DATASET SECTION =
↓

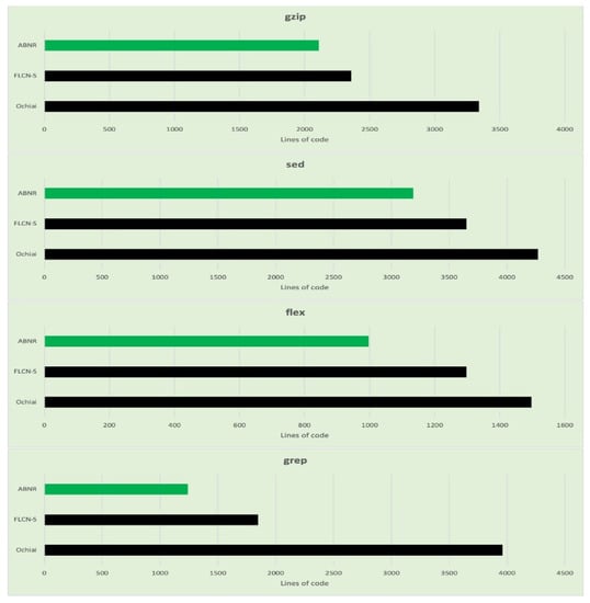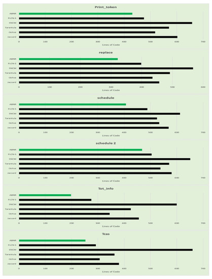 The performance of the proposed ABNR model is also evaluated against the Unix utility application programs. The model has recognized the faulty statements in the code snippet by evaluating the fewer lines of code, which needs comparatively lesser computational efforts and is much faster than its counterparts. The details about the number of lines of code evaluated for Unix applications are presented in Table 7, and the corresponding graphs are presented in Figure 6.
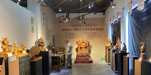 活动现场。陈峻峰 摄 此次创新优秀作品展以“绿水青山木竹新”为主题,吸引了福州、莆田、厦门、泉州、宁德、三明等地的木、竹工艺制作从业人员、工艺美术大师等积极参与。在展览现场,共有100多件优秀作品参展,为文化艺术界人士和木竹雕艺术从业者、收藏者们带来一场交流、探讨的文化盛宴。 “今天是老师组织我们过来看展,第一次看到这么多样式的雕艺作品,每件看了都觉得非常有灵气,让我很震撼,雕刻艺术体现着人与自然的和谐共生,积淀着深厚的艺术内涵,通过这次学习交流,相信对我们以后的专业学习会有很大帮助。”福州大学厦门工艺美术学院学生黄杰说道。
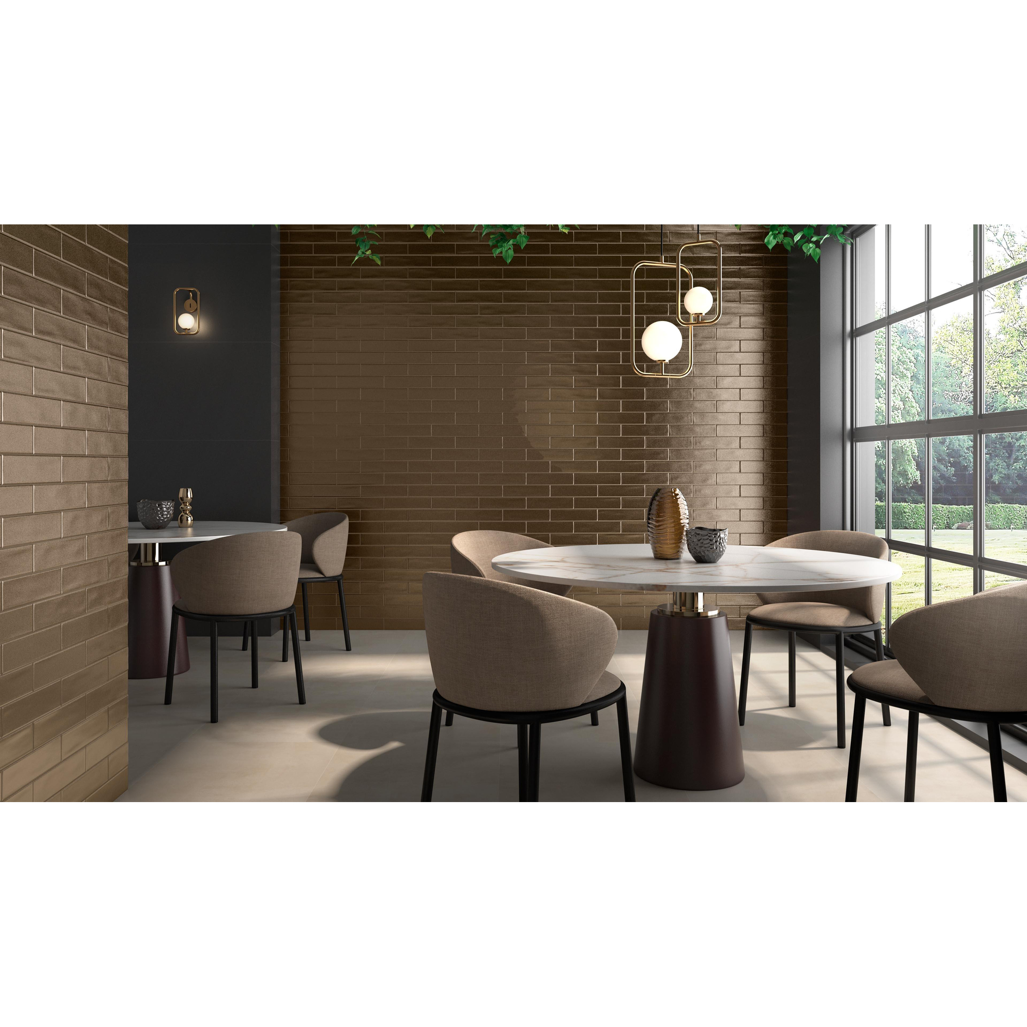 Avec ce carrelage mural raffiné, vous apportez un chaleureux aspect métal dans votre maison, sans renoncer à la facilité de la céramique. Le format compact est idéal pour créer des motifs ludiques dans la salle de bains, les toilettes ou la cuisine, par exemple en pose à mi-joint ou en chevrons. Grâce à la couleur brass brun mat et à la structure subtile, ce carrelage s’harmonise parfaitement avec les salles de bains modernes, industrielles et esprit hôtel de luxe. Si vous recherchez un mur accent dans la douche, derrière la baignoire ou comme crédence élégante derrière le meuble de salle de bains, c’est un choix judicieux. Même dans la cuisine, derrière la cuisinière ou en prolongement vers le hall, ce carrelage trouve parfaitement sa place. Surtout dans les petits espaces, le format élancé renforce l’impression d’espace et crée un aspect luxueux et sur mesure.
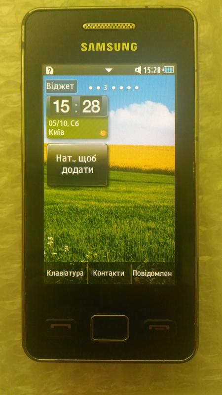 Samsung S 5260 - стильний, функціональний мобільний телефон від компанії Samsung, виконаний у форм-факторі моноблока. Виготовлений з якісних матеріалів, що забезпечить довготривале використання телефону. Дана модель оснащена екраном, що підтримує розширення 240x400 пікселів і здатним передавати до 256 тисяч різних відтінків, а також 3.2-мегапіксельною камерою, що дозволить робити достатньо якісні знімки і відеозаписи. Чудовим доповненням до всього цього можна вважати і вбудовані в Samsung S 5260 веб-браузер, MP3-плеєр, FM-радіо, а також різні додатки для розваг, а потужна акумуляторна батарея, ємністю 1000 мАг, забезпечить час роботи до 780 хвилин в режимі розмови. Усе працює на ура, та стоїть усе по заводу Комплектаціа телефон аккумулятор

↑

DESCRIPTION OF THE TASK = Omitting all images, print the listing exactly.

TASK RESPONSE =
 The performance of the proposed ABNR model is also evaluated against the Unix utility application programs. The model has recognized the faulty statements in the code snippet by evaluating the fewer lines of code, which needs comparatively lesser computational efforts and is much faster than its counterparts. The details about the number of lines of code evaluated for Unix applications are presented in Table 7, and the corresponding graphs are presented in Figure 6.
 活动现场。陈峻峰 摄 此次创新优秀作品展以“绿水青山木竹新”为主题,吸引了福州、莆田、厦门、泉州、宁德、三明等地的木、竹工艺制作从业人员、工艺美术大师等积极参与。在展览现场,共有100多件优秀作品参展,为文化艺术界人士和木竹雕艺术从业者、收藏者们带来一场交流、探讨的文化盛宴。 “今天是老师组织我们过来看展,第一次看到这么多样式的雕艺作品,每件看了都觉得非常有灵气,让我很震撼,雕刻艺术体现着人与自然的和谐共生,积淀着深厚的艺术内涵,通过这次学习交流,相信对我们以后的专业学习会有很大帮助。”福州大学厦门工艺美术学院学生黄杰说道。
 Avec ce carrelage mural raffiné, vous apportez un chaleureux aspect métal dans votre maison, sans renoncer à la facilité de la céramique. Le format compact est idéal pour créer des motifs ludiques dans la salle de bains, les toilettes ou la cuisine, par exemple en pose à mi-joint ou en chevrons. Grâce à la couleur brass brun mat et à la structure subtile, ce carrelage s’harmonise parfaitement avec les salles de bains modernes, industrielles et esprit hôtel de luxe. Si vous recherchez un mur accent dans la douche, derrière la baignoire ou comme crédence élégante derrière le meuble de salle de bains, c’est un choix judicieux. Même dans la cuisine, derrière la cuisinière ou en prolongement vers le hall, ce carrelage trouve parfaitement sa place. Surtout dans les petits espaces, le format élancé renforce l’impression d’espace et crée un aspect luxueux et sur mesure.
 Samsung S 5260 - стильний, функціональний мобільний телефон від компанії Samsung, виконаний у форм-факторі моноблока. Виготовлений з якісних матеріалів, що забезпечить довготривале використання телефону. Дана модель оснащена екраном, що підтримує розширення 240x400 пікселів і здатним передавати до 256 тисяч різних відтінків, а також 3.2-мегапіксельною камерою, що дозволить робити достатньо якісні знімки і відеозаписи. Чудовим доповненням до всього цього можна вважати і вбудовані в Samsung S 5260 веб-браузер, MP3-плеєр, FM-радіо, а також різні додатки для розваг, а потужна акумуляторна батарея, ємністю 1000 мАг, забезпечить час роботи до 780 хвилин в режимі розмови. Усе працює на ура, та стоїть усе по заводу Комплектаціа телефон аккумулятор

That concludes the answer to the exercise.